E.M. : La nouvelle loi s’applique à des hypothèses bien déterminées de fin de vie ou d’obstination
déraisonnable, sans pour autant préciser nettement cette dernière notion. A cet égard, le Conseil
d’Etat dans sa décision du 14 juin 2014 a relevé qu’aux termes de la loi, le traitement n’ayant
« d’autre effet que le seul maintien artificiel de la vie » peut caractériser une obstination
déraisonnable. Il rappelle que l’alimentation et l’hydratation artificielles dont fait l’objet Vincent
Lambert constituent des traitements au sens de la loi du 22 avril 2005. Ce qui est intéressant dans
cette nouvelle loi c’est qu’elle vient renforcer la précédente loi Leonetti qui prohibait déjà
l’obstination déraisonnable pour les patients en fin de vie. Si Vincent Lambert est concerné par la
loi, il ne l’est que sur le terrain de l’obstination déraisonnable.
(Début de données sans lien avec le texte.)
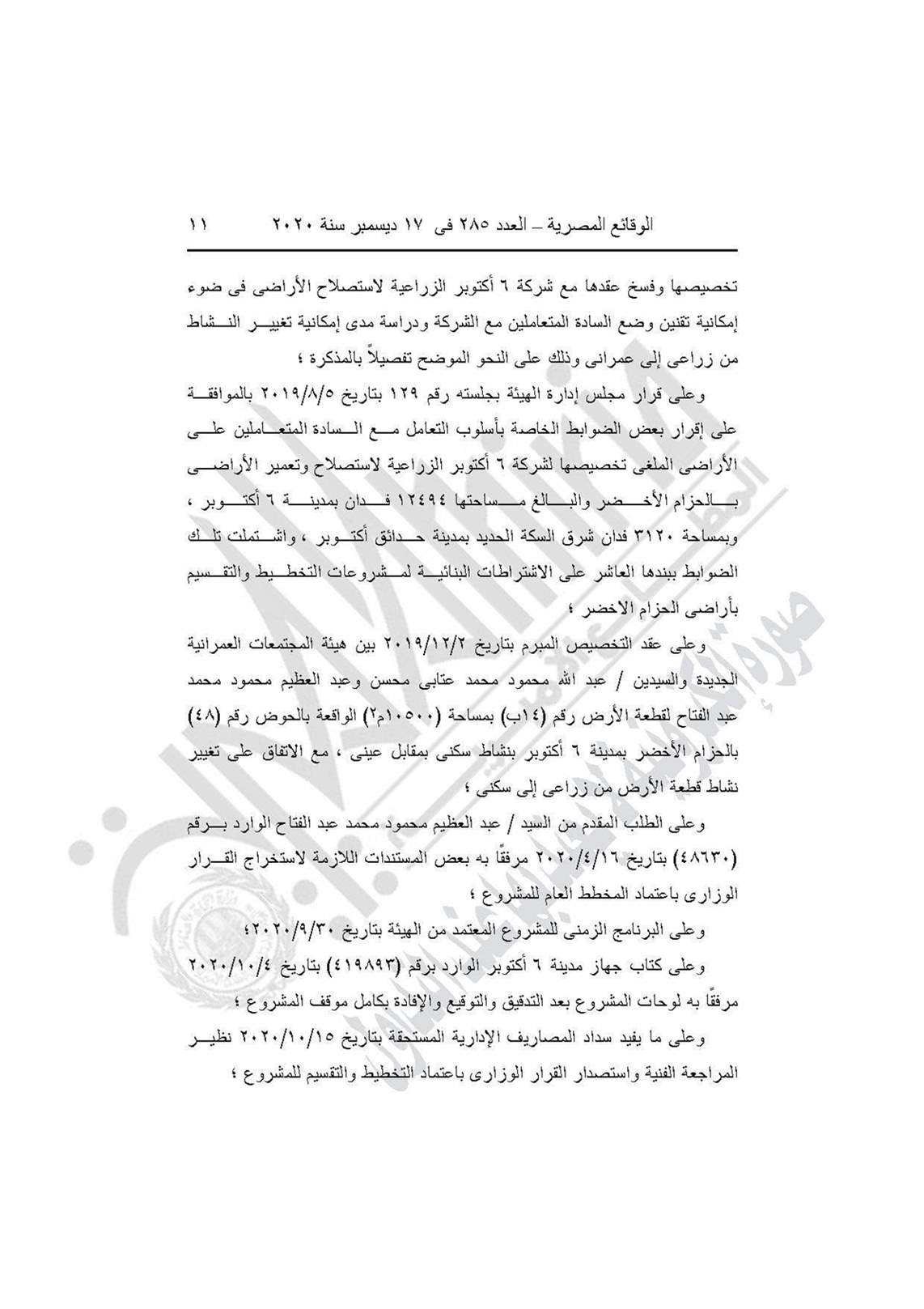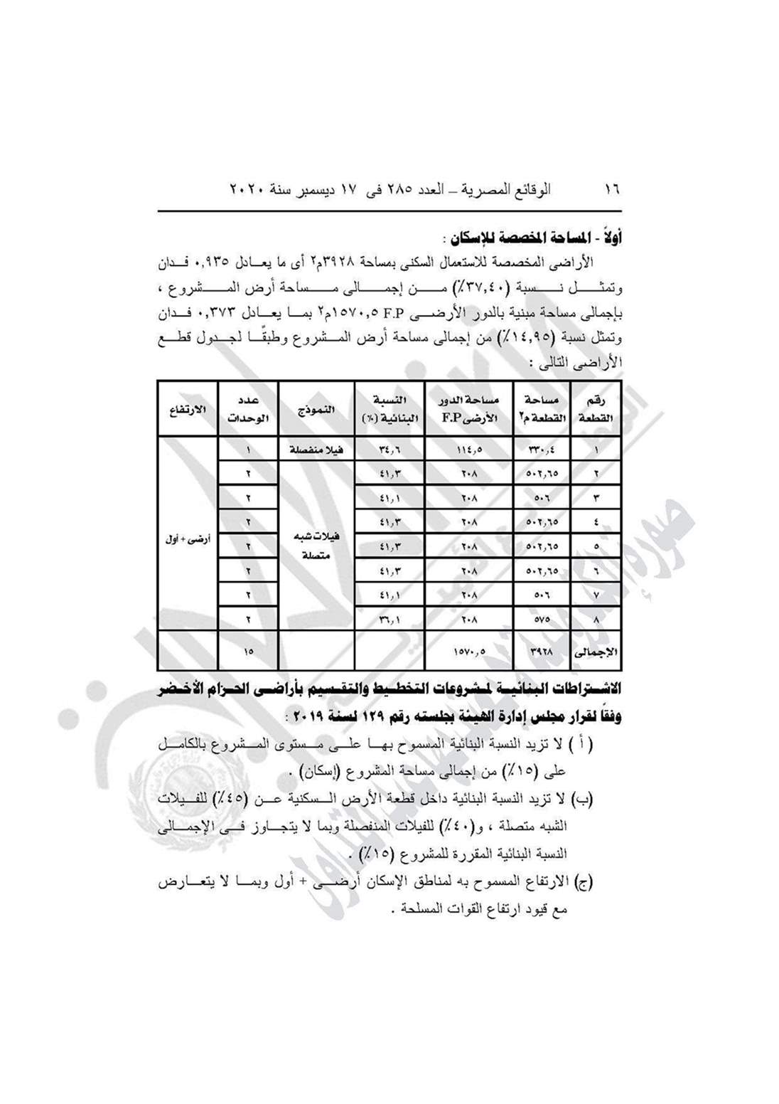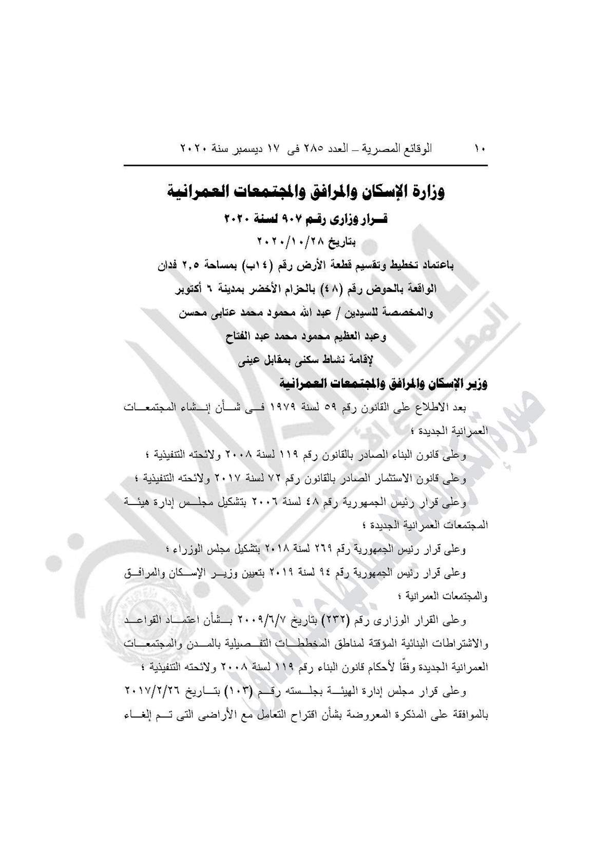 نشرت جريدة الوقائع المصرية في عددها رقم 285، الصادر في 17 ديسمبر 2020، قرار وزارة الإسكان والمرافق والمجتمعات العمرانية رقم 907 لسنة 2020، بشأن اعتماد تخطيط وتقسيم قطعة الأرض بمساحة 2.5 فدان الواقعة بالحزام الأخضر بمدينة 6 أكتوبر، لإقامة نشاط سكنى بمقابل عينى.

A priori, la sédation profonde ne peut
lui être reconnue, car elle est réservée aux patients en fin de vie, dont le pronostic vital est engagé à
court terme, et ne concerne pas les personnes dans la fleur de l’âge dont l’existence se trouve
accidentellement brisée. La fin de vie au sens de la loi Claeys/ Leonetti demeure donc toujours liée
à l’âge ou à la maladie. La nouvelle loi fait montre de l’intention du législateur de garantir la lutte
contre l’obstination déraisonnable. Cependant, elle ne comble pas tous les vides juridiques.
Certaines questions restent en suspens : dans les faits, comment considérer et caractériser un
traitement d’obstination déraisonnable ?
*Futur article L1110-5-2 du CSP.
**Article L1110-5-3 du Code de la santé publique.
***Article L. 1111-11 du Code de la santé publique.